Wire it into your system without “re-indexing”

You have a DB row already (asset id / project / relative path / hash). The right move is a repair job that:

  • selects all videos
  • normalizes in place
  • updates the existing row (same id)
  • regenerates derived metadata (dims, duration, hash)

/app/jobs/repair_orientation.py

from __future__ import annotations

from pathlib import Path
from typing import Iterable

from app.media.orientation import normalize_video_orientation_in_place, ffprobe_video, MediaFixError
from app.storage.paths import project_originals_dir  # whatever you already use
from app.db import db  # your db layer (placeholder)

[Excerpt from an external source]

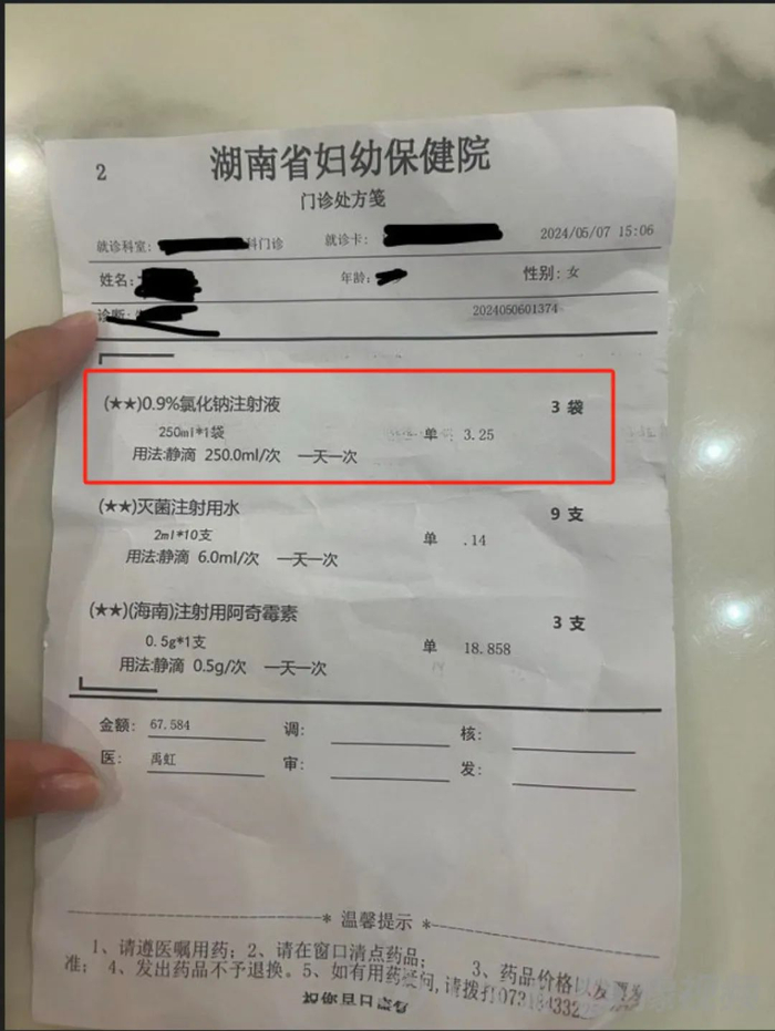5月9日,湖南一网友在社交平台上发布信息称,湖南省妇幼保健院开具的门诊处方笺中有氯化钠注射液,即生理盐水,但是她拿到药品后发现,至今其已经过期了至少8个月。

def compute_sha256(path: Path) -> str:
    import hashlib
    h = hashlib.sha256()
    with path.open("rb") as f:
        for chunk in iter(lambda: f.read(1024 * 1024), b""):
            h.update(chunk)
    return h.hexdigest()


def repair_project_videos_orientation(project: str, *, dry_run: bool = True) -> dict:
    """
    Updates existing asset records in-place (same asset id).
    Does NOT create new assets.
    """
    results = {"project": project, "changed": 0, "skipped": 0, "failed": 0, "errors": []}

    # Example query shape — replace with your real schema
    assets = db.list_media(project=project, kind="video")  # must include id, relative, abs path, hash

    for a in assets:
        try:
            rel = a["relative"]
            abs_path = project_originals_dir(project) / rel.replace("ingest/originals/", "")
            if not abs_path.exists():
                results["failed"] += 1
                results["errors"].append({"id": a["id"], "error": "missing_on_disk", "path": str(abs_path)})
                continue

            probe = ffprobe_video(abs_path)
            if probe.rotation not in (90, 180, 270):
                results["skipped"] += 1
                continue

            if dry_run:
                results["changed"] += 1
                continue

            changed = normalize_video_orientation_in_place(input_path=abs_path)
            if not changed:
                results["skipped"] += 1
                continue

            # Update row in place (same asset id)
            new_hash = compute_sha256(abs_path)
            new_probe = ffprobe_video(abs_path)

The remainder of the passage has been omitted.